Star Trek Took Inspiration From The Simplest Children’s Game
In the Star Trek: Deep Space Nine episode “Move Along Home,” our intrepid Starfleet heroes are stuck inside a bizarre alien game named “chula” whose rules they cannot understand. Audiences watching at home couldn’t understand the rules, either, which is one of this awful episode’s many problems. Just when you thought this episode couldn’t get any worse, here’s a real gut punch: that game that nobody could figure out is mostly a three-dimensional version of Chutes and Ladders.
The Chutes And Ladders Connection
To appreciate how bizarre this story is, you may need a quick refresher on what “Move Along Home” was all about. The episode begins with game-loving aliens visiting Deep Space Nine and taking Quark for all the latinum he’s worth at the dabo tables. When Quark tries to rig the tables in his favor, the aliens notice and force the Ferengi to play a new game called chula.
Quark Is Out Of His Element
Chula is unlike anything Quark has ever played before and has a very special twist: even as the greedy bartender plays against his alien adversary on the station, his colleagues (Sisko, Dax, Bashir, and Kira) are stuck inside the maze-like game, Jumanji-style. As far as Quark knows, his decisions while playing this game will decide whether these characters live or die…quite a bit of pressure from someone whose day job is simply slinging alcohol and selling holodeck time.

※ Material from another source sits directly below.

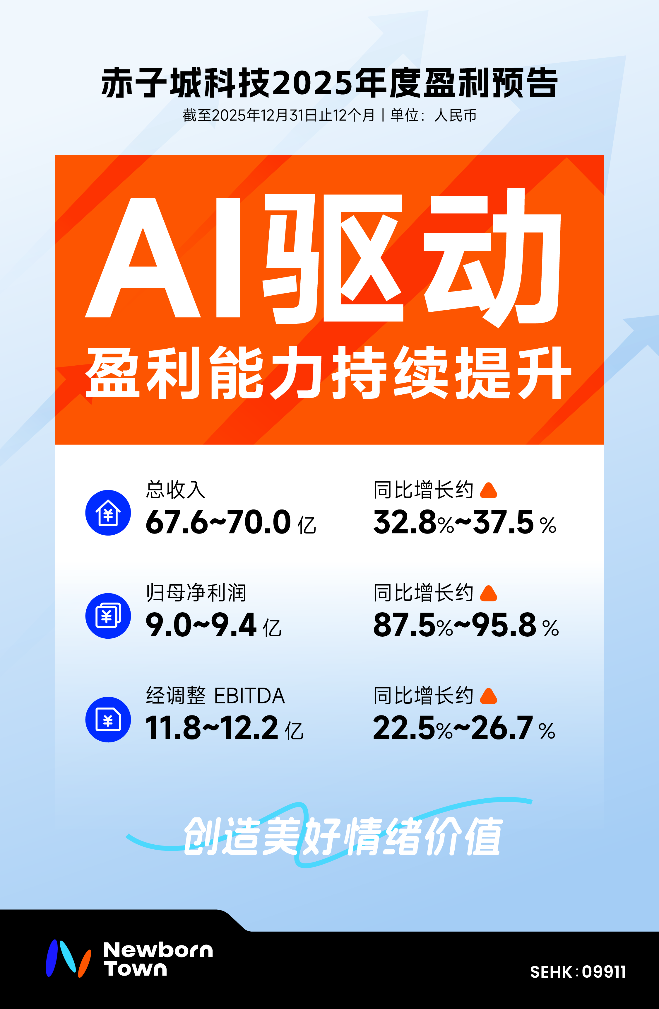 赤子城科技(09911.HK)近日发布2025年度财务预告,显示公司全年业绩实现显著突破。根据公告,截至2025年12月31日,公司总收入预计达67.6亿至70亿元人民币,同比增长32.8%至37.5%;归母净利润预计为9亿至9.4亿元,增幅达87.5%至95.8%;经调整EBITDA约为11.8亿至12.2亿元,同比增长22.5%至26.7%。这一成绩单标志着公司在全球化布局中迈入新阶段。

Not Even Close To Dungeons & Dragons
When “Move Along Home” first came out, many thought the game’s maze-like structure was modeled a bit after Dungeons & Dragons. However, episode co-writer Jeanne Carrigan-Fauci later said that the writing team’s inspiration went back centuries instead of decades. They researched games from a variety of eras, including Rome, ancient Egypt, and Elizabethan England, picking and choosing various facets from these different diversions to include in their onscreen game.
It’s A Play On Words
Since the writers researched games that stretched back millennia, you might think that chula is confusing because it was inspired by games that were old when your ancestors were young. However, Carrigan-Fauci sheepishly admitted that the biggest inspiration was a game that almost everyone in the 80’s and 90’s had played in their childhood. That game was Chutes and Ladders, and it was chosen because the writers needed a multi-level game and this children’s game would perfectly fit the bill once it was transformed from 2D to 3D.

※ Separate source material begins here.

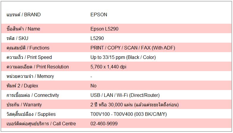 พิมพ์ - สำเนา - สแกน - แฟกซ์ รับประกัน 2 ปี หรือ 30,000 แผ่น (แล้วแต่ระยะใดถึงก่อน)

Carrigan-Fauci claims that chula being inspired by Chutes and Ladders was something that even the Star Trek producers were most likely unaware of. That means they were also unaware of the origin of the game’s name. Simply put, “chula” is a word created by combining the first syllables of two words: “chutes” and “ladders.”

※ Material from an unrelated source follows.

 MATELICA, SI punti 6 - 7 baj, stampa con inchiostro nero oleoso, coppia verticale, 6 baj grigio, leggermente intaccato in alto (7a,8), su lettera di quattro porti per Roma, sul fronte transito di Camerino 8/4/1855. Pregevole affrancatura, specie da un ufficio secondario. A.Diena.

Based On A Simple Children’s Game
Given this information, we can’t help but admire the irony: onscreen, chula is confusing to audiences, and fellow episode writer Frederick Rappaport insists that this was by design because all fans needed to know was that the Sisko and his team “were in jeopardy.” For all that confusion and seeming complexity, though, chula is based on a game so simple that children everywhere know how to play. Maybe those same kids can help us unravel the other big question of this episode: why “Move Along Home” is the worst episode of Deep Space Nine ever made.